Cicala shot photos of lens test charts and even ran a complete set of MTF tests to calculate the lens’ sharpness.
There was no sign of the fly at all focal lengths until the lens was stopped down. Only at apertures f/13 and f/22 did Cicala start seeing the shadow of the fly show up in photos.
“Stopped down to f/22, zoomed back to 70mm, and focused at minimum focusing distance, we could get a pretty sharp, black blob,” Cicala writes. “Just so nobody claims ‘see, that’s why you don’t want dust in your lens’, I’ll add there’s lots of dust and a couple of detached fly legs lying around and you don’t see any sign of them.”
The takeaway from this test? “If your dust speck is smaller than a fly (about 4mm by 1.5mm) it’s not showing up in your images,” Cicala says. “I think this does serve as a good demonstration of how little effect even a very large object inside the lens has. It would have a more dramatic effect, probably, if it had been located closer to the rear element.”

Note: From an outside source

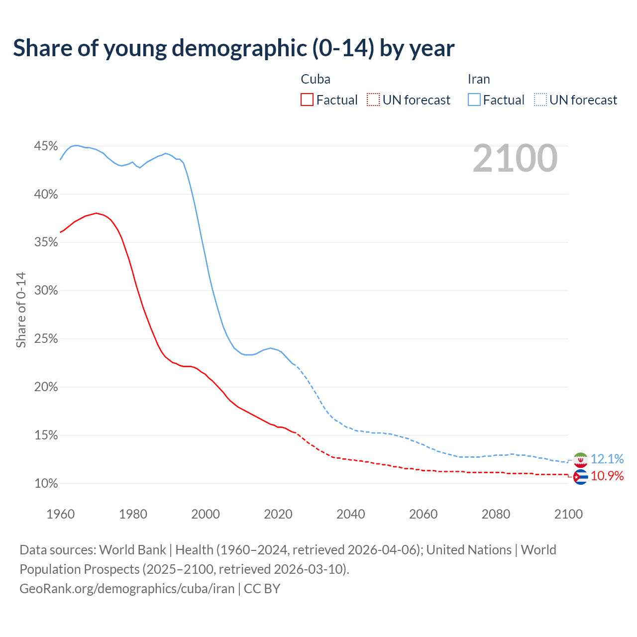 - The share of young demographic (0-15 years old) in Cuba is 15.3% vs 22.4% in Iran.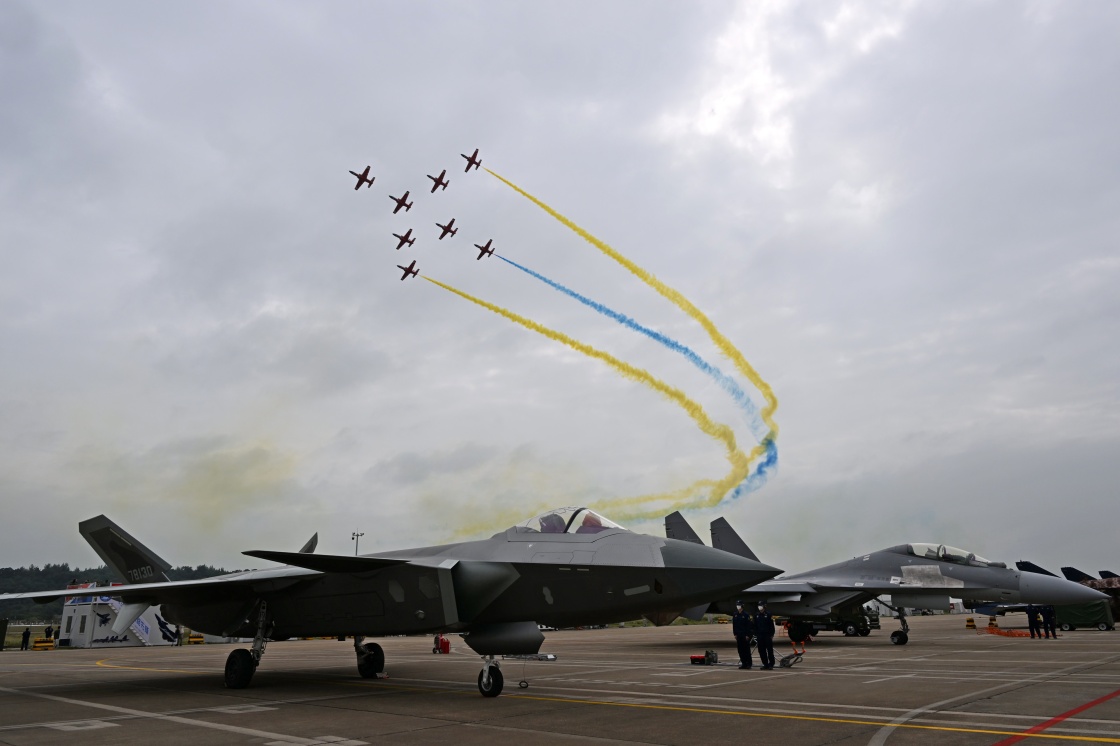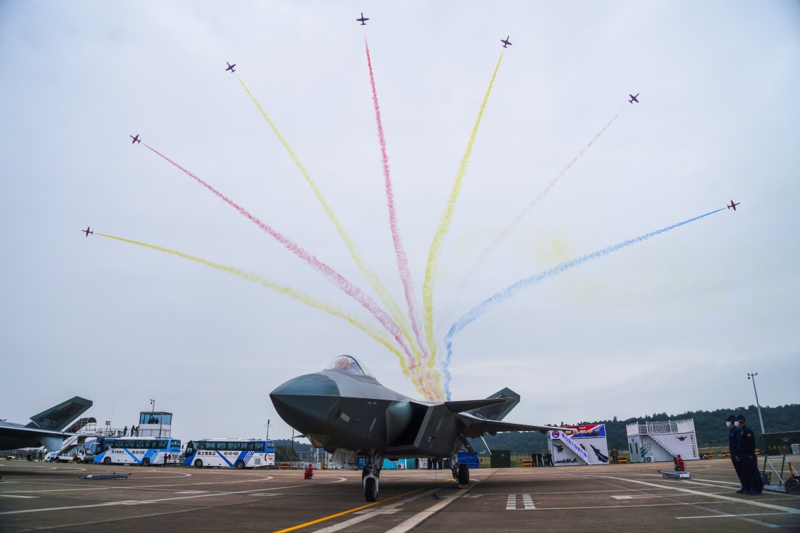 11月8日,空军歼-20战机在第十四届中国航展上进行飞行展示。新华社发(余红春 摄)

Getting a fly (or anything, for that matter) out of the middle of a lens is NOT easy. It took a Lens Rentals repair technician with “a lot of expensive equipment” nearly 4 hours to disassemble (1 hour), clean (0.75 hours), reassemble (1 hour), and readjust/test (1 hour) the lens just to remove the fly.
So if you get quoted hundreds of dollars “just” to remove some dust from the inner parts of an expensive telephoto lens, this is why. Cicala estimates that this particular job would cost $369 total for labor ($169) and equipment/overhead ($200).
“Unless you’ve found a nonprofit repair shop they’re probably going to charge more than that,” Cicala says.
Finally, how did this large fly get into the sealed lens in the first place?
“All of the lens seals were intact and the lens had a filter on from day 1,” Cicala writes. “We couldn’t find the tiniest possible entry point around the barrel or front element.”
He suspects that the fly somehow entered through the rear of the lens while it was still a maggot (or perhaps even earlier in its life cycle).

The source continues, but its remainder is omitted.